- _WHAT THE TASK REQUIRES_
Begin at the line containing "在这个标准里,水碘成为我国碘" in the entries below and end at the line containing "日照 | 積雪 | 降雪 |"; transcribe that range exactly and nothing outside it.

- _RECORD SET_
+===+

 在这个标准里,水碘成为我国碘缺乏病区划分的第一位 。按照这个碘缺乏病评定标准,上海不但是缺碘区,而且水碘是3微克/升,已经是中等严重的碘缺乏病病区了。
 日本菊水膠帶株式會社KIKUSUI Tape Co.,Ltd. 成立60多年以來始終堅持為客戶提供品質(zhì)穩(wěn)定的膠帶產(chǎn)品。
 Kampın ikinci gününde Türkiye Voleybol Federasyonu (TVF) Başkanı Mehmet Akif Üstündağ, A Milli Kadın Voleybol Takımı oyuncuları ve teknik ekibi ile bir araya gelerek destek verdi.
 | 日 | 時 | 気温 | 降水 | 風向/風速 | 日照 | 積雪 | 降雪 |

+===+

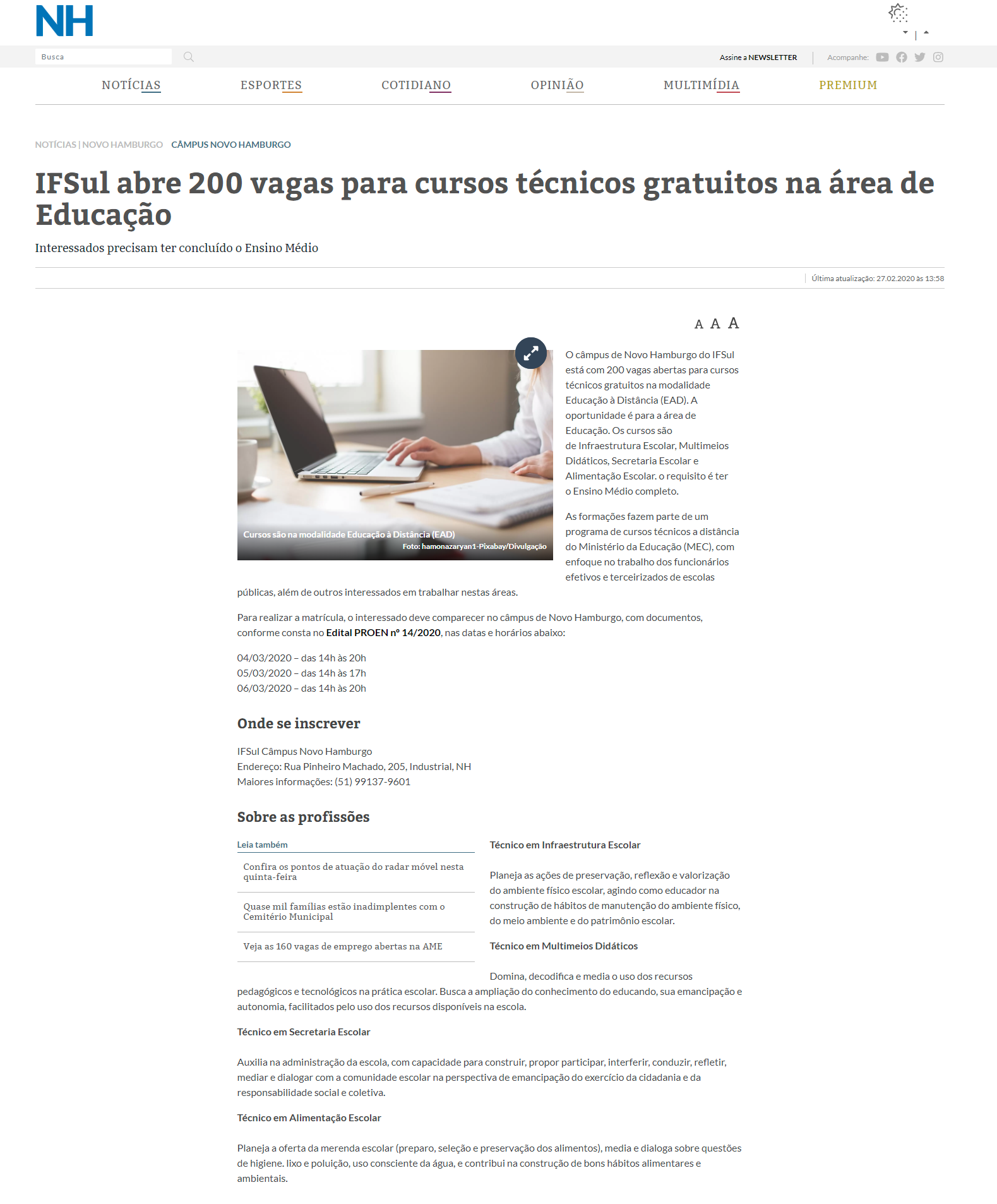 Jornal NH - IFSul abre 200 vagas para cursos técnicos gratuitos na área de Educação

+===+

- _EXERCISE ANSWER_
 在这个标准里,水碘成为我国碘缺乏病区划分的第一位 。按照这个碘缺乏病评定标准,上海不但是缺碘区,而且水碘是3微克/升,已经是中等严重的碘缺乏病病区了。
 日本菊水膠帶株式會社KIKUSUI Tape Co.,Ltd. 成立60多年以來始終堅持為客戶提供品質(zhì)穩(wěn)定的膠帶產(chǎn)品。
 Kampın ikinci gününde Türkiye Voleybol Federasyonu (TVF) Başkanı Mehmet Akif Üstündağ, A Milli Kadın Voleybol Takımı oyuncuları ve teknik ekibi ile bir araya gelerek destek verdi.
 | 日 | 時 | 気温 | 降水 | 風向/風速 | 日照 | 積雪 | 降雪 |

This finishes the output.